■ INPUT DATA ■
-----

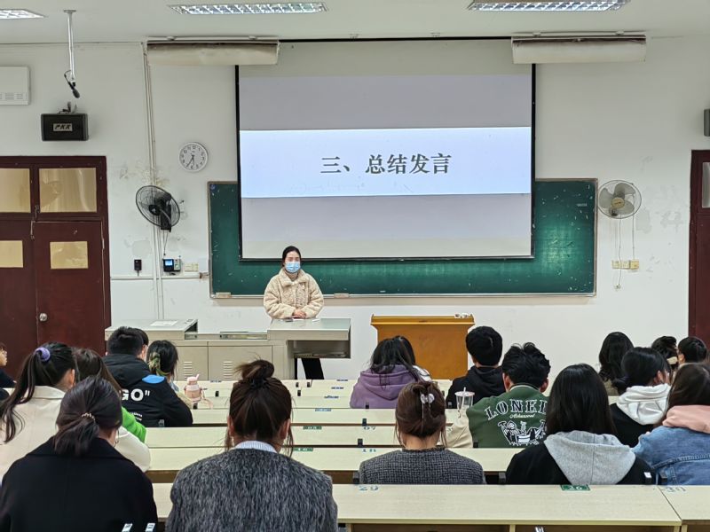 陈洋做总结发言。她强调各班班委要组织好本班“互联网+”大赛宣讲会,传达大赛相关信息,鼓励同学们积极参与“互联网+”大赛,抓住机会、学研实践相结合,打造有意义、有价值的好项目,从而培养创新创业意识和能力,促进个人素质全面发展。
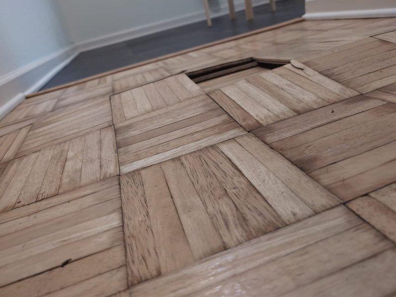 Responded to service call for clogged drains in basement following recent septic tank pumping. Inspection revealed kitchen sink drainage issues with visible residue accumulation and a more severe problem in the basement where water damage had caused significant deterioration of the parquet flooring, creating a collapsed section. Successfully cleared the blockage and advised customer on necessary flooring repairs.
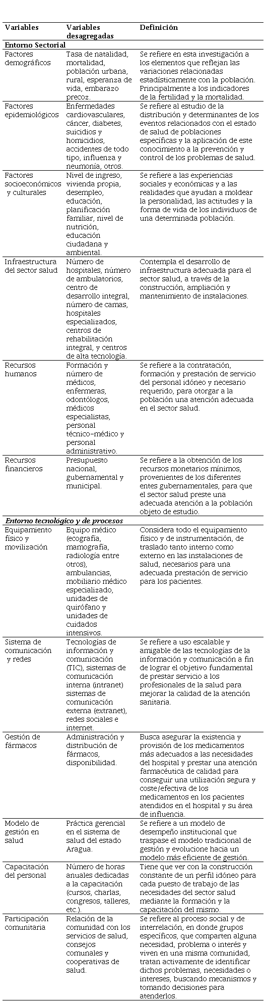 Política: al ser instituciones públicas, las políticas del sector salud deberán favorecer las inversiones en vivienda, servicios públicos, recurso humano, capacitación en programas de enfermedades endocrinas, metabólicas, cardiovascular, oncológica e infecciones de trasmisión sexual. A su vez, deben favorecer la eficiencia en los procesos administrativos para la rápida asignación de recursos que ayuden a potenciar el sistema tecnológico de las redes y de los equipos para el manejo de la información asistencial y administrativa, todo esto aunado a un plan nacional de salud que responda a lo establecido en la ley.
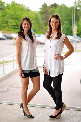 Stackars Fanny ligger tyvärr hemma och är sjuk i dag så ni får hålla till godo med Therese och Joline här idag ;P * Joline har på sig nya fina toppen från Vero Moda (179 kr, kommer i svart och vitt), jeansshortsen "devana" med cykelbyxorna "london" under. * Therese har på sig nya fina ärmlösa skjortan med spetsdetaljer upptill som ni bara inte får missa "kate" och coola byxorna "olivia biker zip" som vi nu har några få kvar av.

-----

■ EXERCISE DETAILS ■
Ending at the line with "Responded to service", reproduce exactly the lines that begin at the top of the data, and include no pictures.

■ RESPONSE BOX ■
 陈洋做总结发言。她强调各班班委要组织好本班“互联网+”大赛宣讲会,传达大赛相关信息,鼓励同学们积极参与“互联网+”大赛,抓住机会、学研实践相结合,打造有意义、有价值的好项目,从而培养创新创业意识和能力,促进个人素质全面发展。
 Responded to service call for clogged drains in basement following recent septic tank pumping. Inspection revealed kitchen sink drainage issues with visible residue accumulation and a more severe problem in the basement where water damage had caused significant deterioration of the parquet flooring, creating a collapsed section. Successfully cleared the blockage and advised customer on necessary flooring repairs.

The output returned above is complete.